Though it may seem obvious that voters should know who is behind an issue on their ballot, not everyone sees this issue the same way. Protect Marriage Washington -- the anti-equality organization that launched a failed assault on the state's domestic partnership laws last fall -- disagrees. The organization apparently believes that voters are responsible enough to vote on Washington's domestic partnership law, but cannot be trusted to know who is behind the opposition to the law. Despite the hypocrisy of this argument, Protect Marriage Washington took its claim all the way to the U.S. Supreme Court.
After its failed assault on Washington's domestic partnership law, the Public Records Act became the second state law to be targeted by Protect Marriage. Lawyers for the group expressed their client's purported fear of retaliation for referring domestic partnerships to the state's voters. The group argued that the Public Records Act violated the First Amendment, which, they claimed, protects the people who sign petitions putting laws in front of voters from being publicly named.

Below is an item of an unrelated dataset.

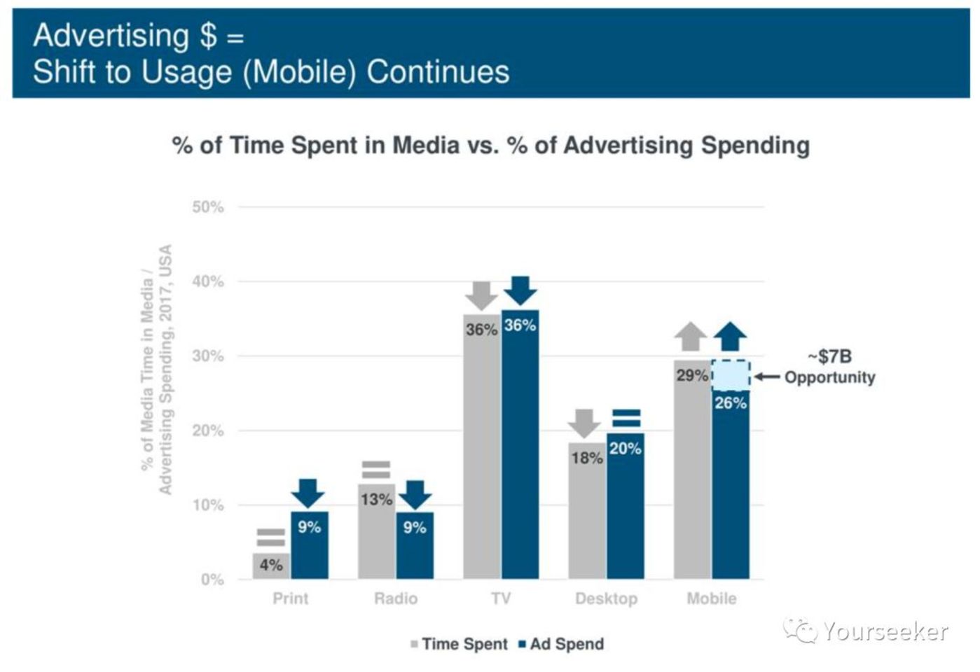 Mary Meeker 认为,2005 年前后,消费者在互联网上所消费的时间和注意力,远远超过了他们为此真正付出的广告成本。换句话说,当时的互联网广告市场大有潜力可挖。

You read that right: Protect Marriage Washington tried to use the First Amendment not to protect the competition of information and ideas that drives our democracy, but to keep voters from knowing who is behind the issues they vote on.
The Ninth Circuit Court of Appeals did not buy the organization's claims last year, and the U.S. Supreme Court reached the same result in an opinion announced yesterday.

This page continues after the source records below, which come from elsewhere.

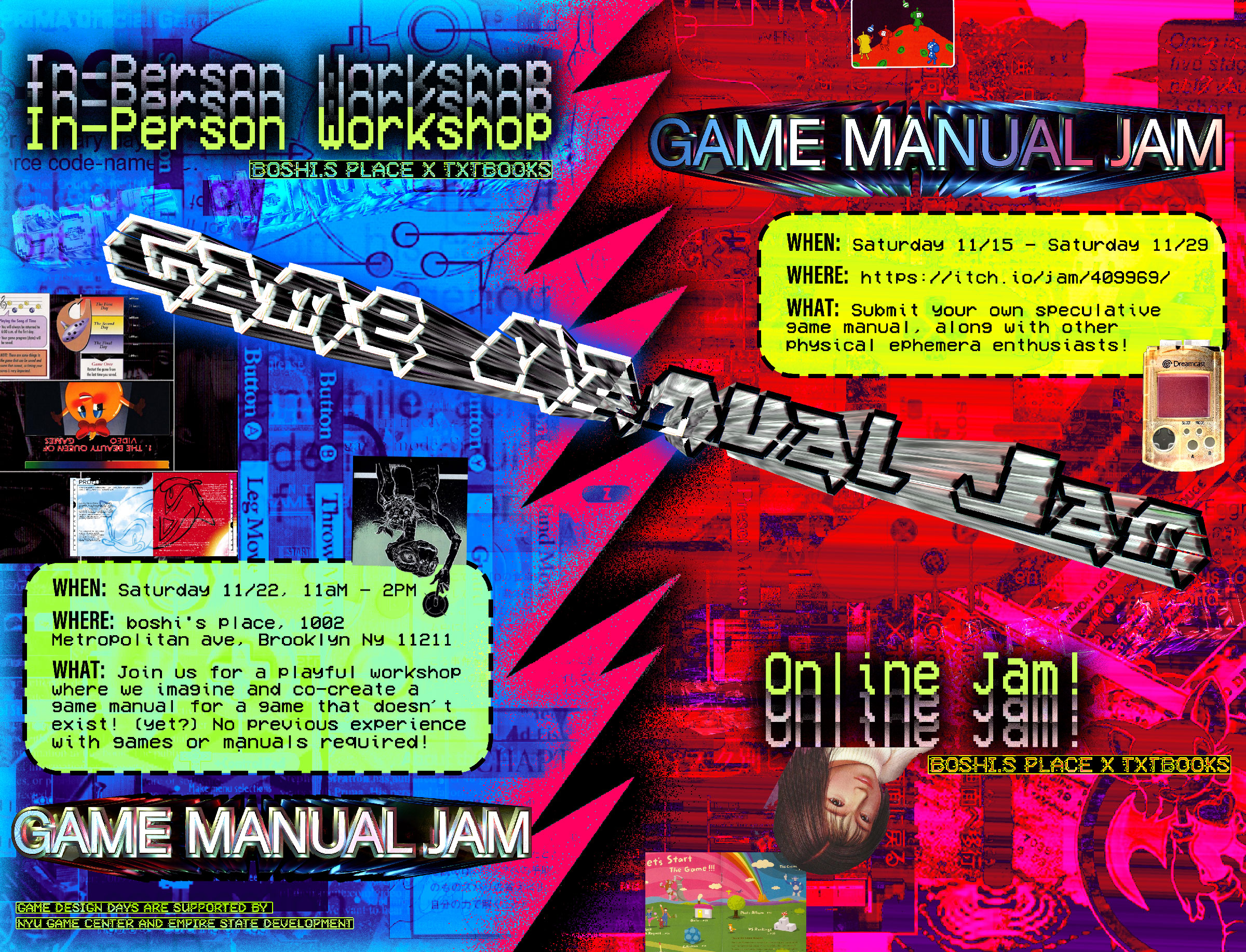 Join us for a workshop where we imagine and co-create a game manual for a game that doesn’t exist! (yet?) Expect to play and craft, learn about cool game manuals of history, and contribute to a new speculative manual together. No previous experience with games or manuals required!
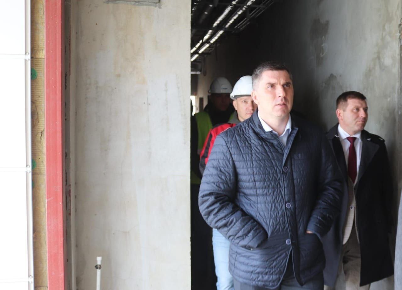 Процесс строительства главной спортивной арены города Шахты проконтролировали заместитель министра строительства, архитектуры, территориального развития Ростовской области Михаил Кривенков, а также начальник управления капитального строительства министерства Артур Мелькумов.
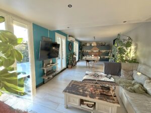 - Au rez-de-chaussée : magnifique salon-séjour d’environ 40m2 exposé sud avec accès direct sur la terrasse, belle cuisine équipée, trois chambres, salle de bain (baignoire et douche), et WC,
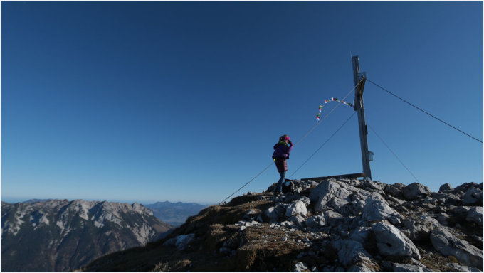 Erneut wunderschöner Spätherbsttag im Kaiser, wider Erwarten nicht viel los. Leider recht frisch auf dem Gipfel, erst in den Latschen wärmer.
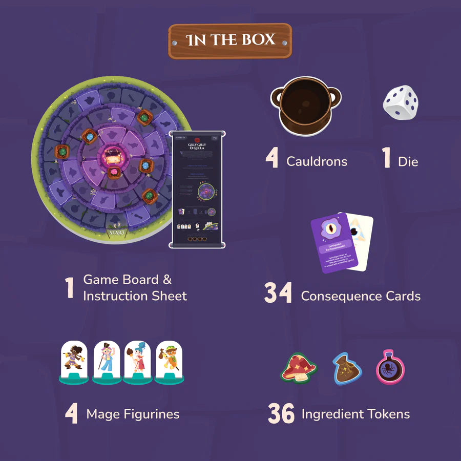 • IN THE BOX - 1 Game board, 4 Mage figurines, 4 Cauldrons, 36 Ingredient tokens, 34 Consequence cards, 1 Die, 1 Instruction sheet.

Protect Marriage Washington's fear of public scrutiny was soundly rejected by the Supreme Court in Doe v. Reed. By a vote of 8-1, the justices ended the anti-equality organization's fight to overturn the Public Records Act, validating voters' right to know who is behind the laws that turn up on the state's ballot.
"Public disclosure ... promotes transparency and accountability in the electoral process to an extent other measures cannot," Chief Justice John Roberts wrote for the Court. The justices dismissed the organization's fear of harassment and intimidation, noting that they were supported only by "scant evidence."

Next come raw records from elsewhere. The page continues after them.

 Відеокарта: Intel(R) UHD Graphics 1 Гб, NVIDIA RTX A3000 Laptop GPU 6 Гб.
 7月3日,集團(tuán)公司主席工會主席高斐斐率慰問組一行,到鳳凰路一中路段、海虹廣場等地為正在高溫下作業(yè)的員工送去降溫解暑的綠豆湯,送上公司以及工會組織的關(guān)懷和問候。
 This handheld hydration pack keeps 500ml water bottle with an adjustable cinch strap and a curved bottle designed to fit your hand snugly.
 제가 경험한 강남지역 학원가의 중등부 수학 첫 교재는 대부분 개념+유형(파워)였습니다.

During oral argument, attorney James Bopp claimed on behalf of Protect Marriage that those who signed the petition to overturn the state's domestic partnership law would face indignities such as harassment and intimidation, were their names were released. Conservative Justice Antonin Scalia could not swallow the organization's claims. Scalia abruptly interrupted Bopp, telling the lawyer that his arguments were too "touchy, feely."
"The fact is that running a democracy takes a certain amount of civic courage," Scalia informed Bopp. "And the First Amendment does not protect you from criticism or even nasty phone calls when you exercise your political rights to legislate, or to take part in the legislative process."
Scalia, Roberts and all other justices save one made the right decision. Putting forth bald claims of potential harassment is no reason to hide information about a referendum from public scrutiny.
Perhaps most importantly, the First Amendment is intended to strengthen our democracy by encouraging the dissemination of information and an open discussion about how to interpret that information. Governance is a contact sport that should not allow for having your ideas voted on while you cower from public scrutiny. Washington's voters who passed the Public Records Act understood that, and the Supreme Court's respect for that judgment should be applauded.